- [Data provided]

====================

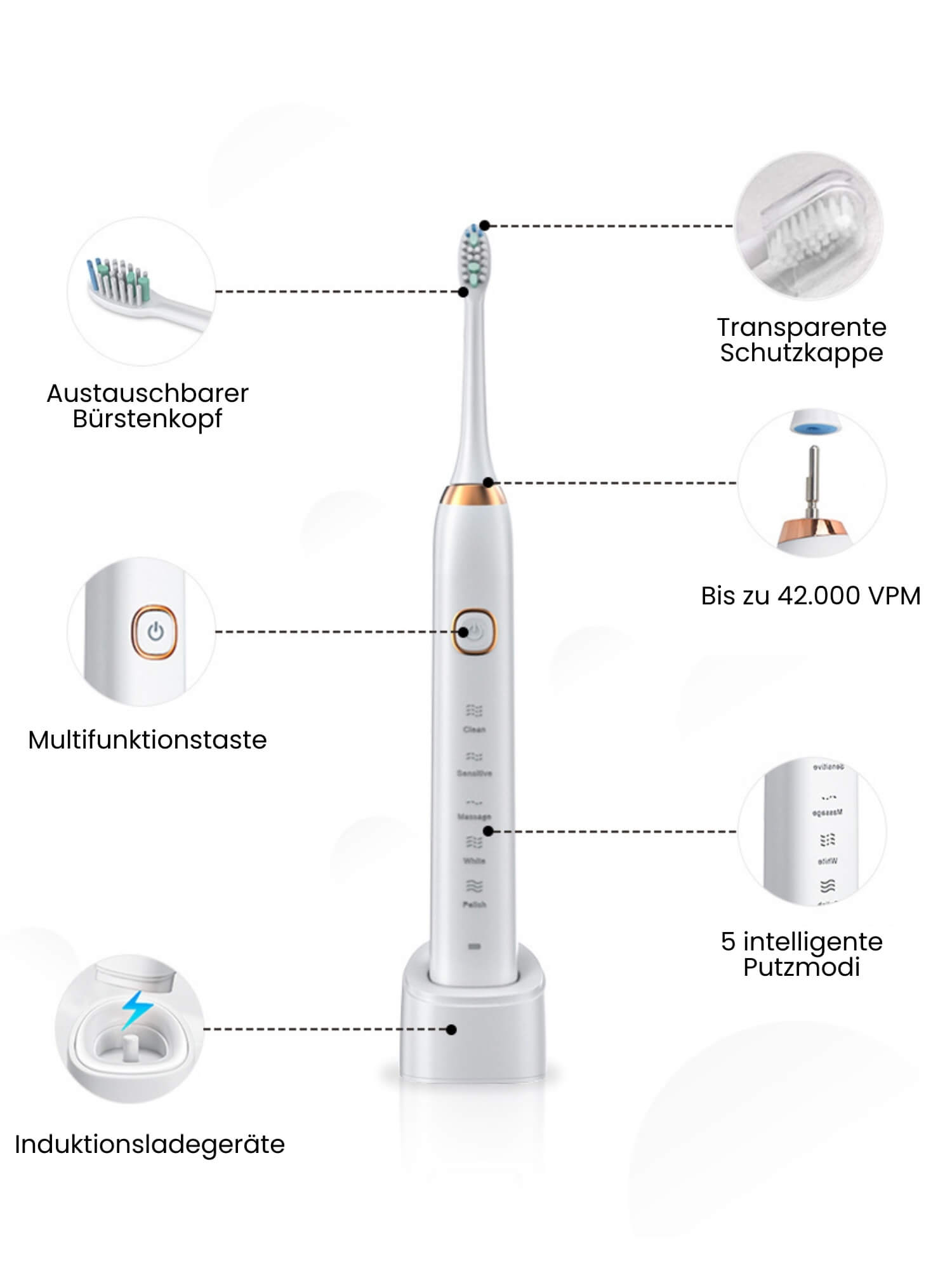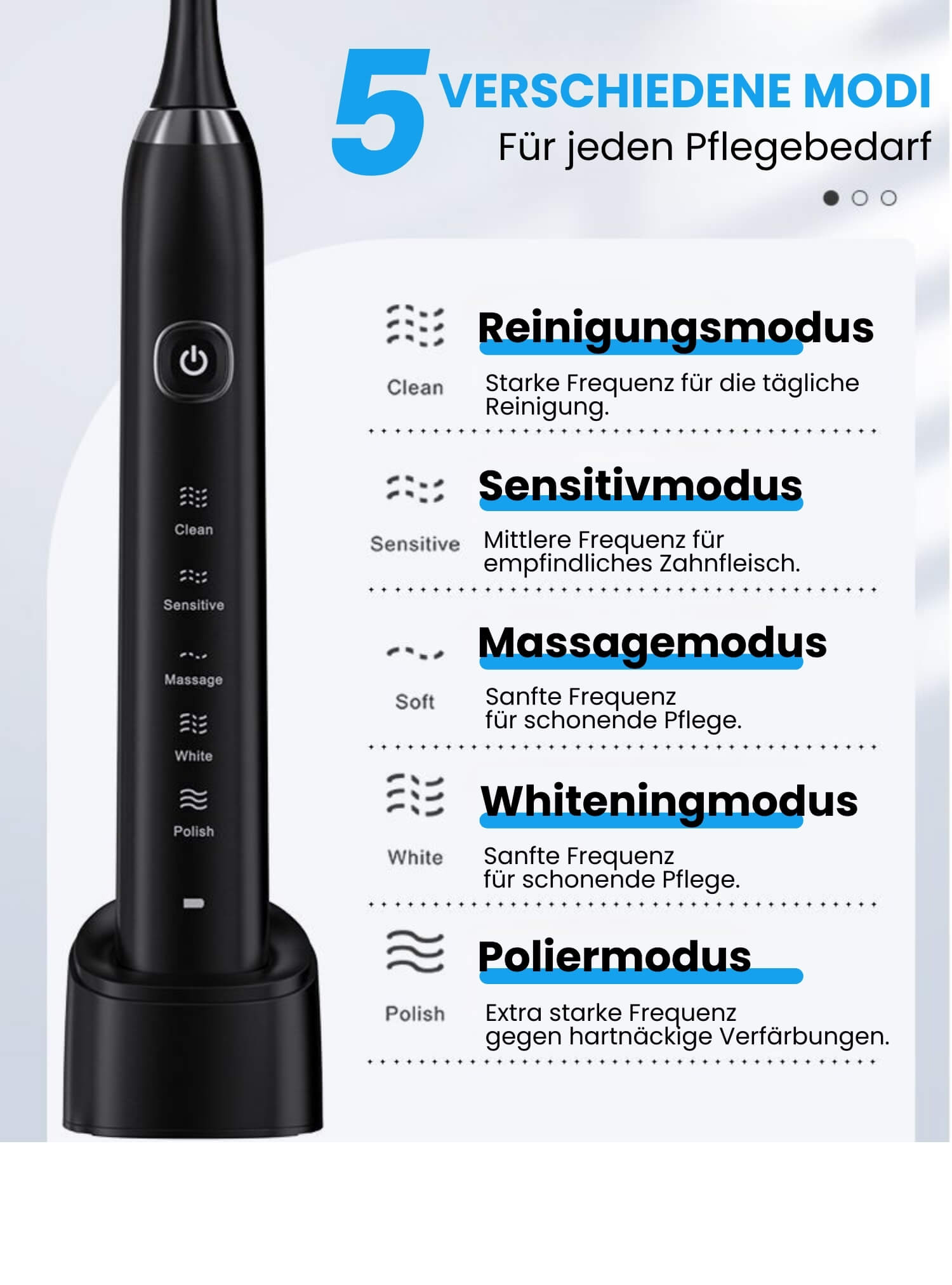 - Schonend: Sicher für Zähne und Zahnfleisch mit 5 Reinigungsmodi.
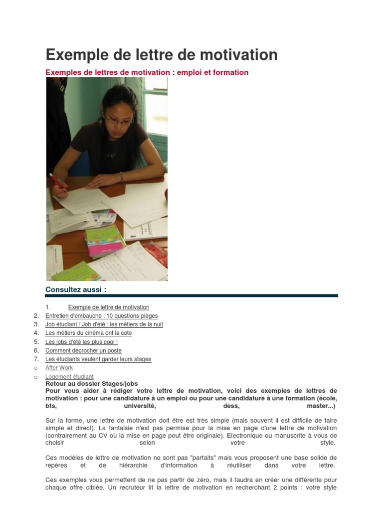 Lettre de motivation emploi detudiant job application cover letter - serapplicationcasoverle.blogspot.com
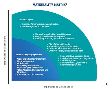 SIA’s materiality process remains stakeholder-driven, but it is also fairly stable. The latest full assessment was performed in 2022 with Scoot included, and FY2024/25 management and the Board committee reaffirmed the continued relevance of 14 material topics. Those topics cover the expected aviation themes—economic performance, fleet management, climate resilience and mitigation, energy and emissions, waste, flight safety, customer experience, employee well-being, governance, cyber security, crisis management, and sustainable supply chain.

====================

In repeating the lines above, keep the wording exact and leave every picture out.

 - Schonend: Sicher für Zähne und Zahnfleisch mit 5 Reinigungsmodi.
 Lettre de motivation emploi detudiant job application cover letter - serapplicationcasoverle.blogspot.com
 SIA’s materiality process remains stakeholder-driven, but it is also fairly stable. The latest full assessment was performed in 2022 with Scoot included, and FY2024/25 management and the Board committee reaffirmed the continued relevance of 14 material topics. Those topics cover the expected aviation themes—economic performance, fleet management, climate resilience and mitigation, energy and emissions, waste, flight safety, customer experience, employee well-being, governance, cyber security, crisis management, and sustainable supply chain.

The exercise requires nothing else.